I have started to again review all my stocks and have started basically where I did in January 2014, with this stock of Metro Inc.
I own this stock of Metro Inc. (TSX-MRU, OTC-MTRAF). I first bought this stock first at the end of 2001 because it is a good time to purchase as market is relatively low and Metro was on my hit list. Metro's P/E is relatively low for this stock. I brought more in 2004. By 2009, Metro stock was over 10% of my portfolio because it had grown so strong, so I sold some to reduce the percentage of it in my portfolio.
This is a dividend growth stock with a low dividend and quite good dividend growth. The current dividend yield is 1.3% and the 5 year median dividend yield is 1.6%. The dividends have grown by 16.4% and 13.5% per year over the past 5 and 10 years. The last dividend increase was in 2014 and the increase was 20%.
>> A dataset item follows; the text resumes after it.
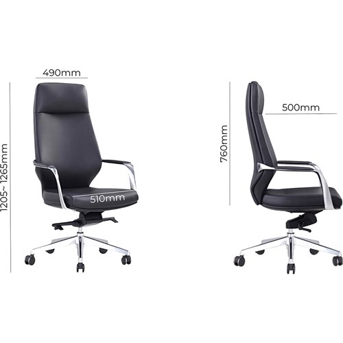 Weight Rating: 160kg. Executive Knee Tilt Synchro Mechanism - 4 Locking Positions. Chair Dimension: Seat Width 500mm, Seat Depth 520mm, Back Height: 760mm, Overall Height 840mm-1050mm. Indicative Seating Time: 8 hours. Premium Genuine Leather Upholstery in Black. Aluminium Arms with Genuine Leather Padding. Class 4 HD gas lift and Luxury Alloy Base. 60mm Executive PU castors. 7 Years Manufacturer's Warranty. Delivery, installation and assembly charges may apply to furniture. Please enquire to confirm.

I have had this stock since 2004 or for 11 years. My original yield on this stock was 1.9%. My dividends have grown 253% or 12.9% per year. Currently I am getting I am getting a yield of 6.8% on my original investment in this stock. So far my dividends have paid for 40% of my original purchase price for this stock.
The Dividend Payout Ratios are quite low. The 5 year median DPRs for EPS is 17.8% and for CFPS is 13.4%. The DPRs for the financial year ending in September 2014 is 22.7% and 18.3%.
This company has been busy buying back shares. The outstanding shares have decreased by 4.8% and 1.3% per year over the past 5 and 10 years. Because of this you should pay more attention to things like Revenue rather than Revenue per Share.
One concern is the lack of revenue growth. Revenue has only grown at 0.7% and 6.8% per year over the past 5 and 10 years. If you look at the 5 year running average it is a bit better but still very low at 2.9% and 8.1% per year over the past 5 and 10 years. Analysts are only expecting revenue to grow by 3.7% and 2% over the next two years. Revenue growth is important because both earnings and cash flow growth ultimately depends on revenue growth.
Net Income has grown at 4.8% and 10% per year over the past 5 and 10 years. The 5 year running average is also better here with growth of 12% and 13.2% per year over the past 5 and 10 years. With decreasing shares the growth in EPS looks better and can give a false sense of growth. EPS is up by 9.7% and 11.4% per year over the past 5 and 10 years. This is significantly better than net income growth.
Also, with cash flow, you should be paying more attention to cash flow growth than CFPS growth. Cash Flow is up by 0.4% and 9.6% per year over the past 5 and 10 years. CFPS is up by 5.5% and 11.2% per year over the past 5 and 10 years.
The Return on Equity is good with 2014 ROE at 16.8% and with a 5 year ROE at 16.8% also. The ROE on comprehensive income is a little lower but close at 16.1% and with a 5 year ROE at 16.1% also.
The Liquidity Ratio is a bit low at just 1.11. If you add in cash flow after dividends it goes to 1.42. Not a great number, but a better one. Debt Ratio at 2.03 and Leverage and Debt/Equity Ratios at 1.97 and 0.97 are good.
Sound bite for Twitter and StockTwits is: Dividend Growth consumer staple. Growth in Revenue has not been great since 2007. However, a lot of companies have had trouble with this last recession. See my spreadsheet at mru.htm.
This is the first of two parts. The second part will be posted on Monday, January 5, 2015 and will be available here. The first part talks about the stock and the second part talks about the stock price.
Metro is a leader in the food and pharmaceutical sectors. It operates a network of close to 600 food stores under the banners Metro, Metro Plus, Super C, A & P, Dominion, Loeb and Food Basics. It has 250 pharmacies under the banners Brunet, Clini Plus, The Pharmacy and Drug Basics. Metro's operations are concentrated in Quebec and Ontario. Its web site is here Metro.
This blog is meant for educational purposes only, and is not to provide investment advice. Before making any investment decision, you should always do your own research or consult an investment professional. I do research for my own edification and I am willing to share. I write what I think and I may or may not be correct.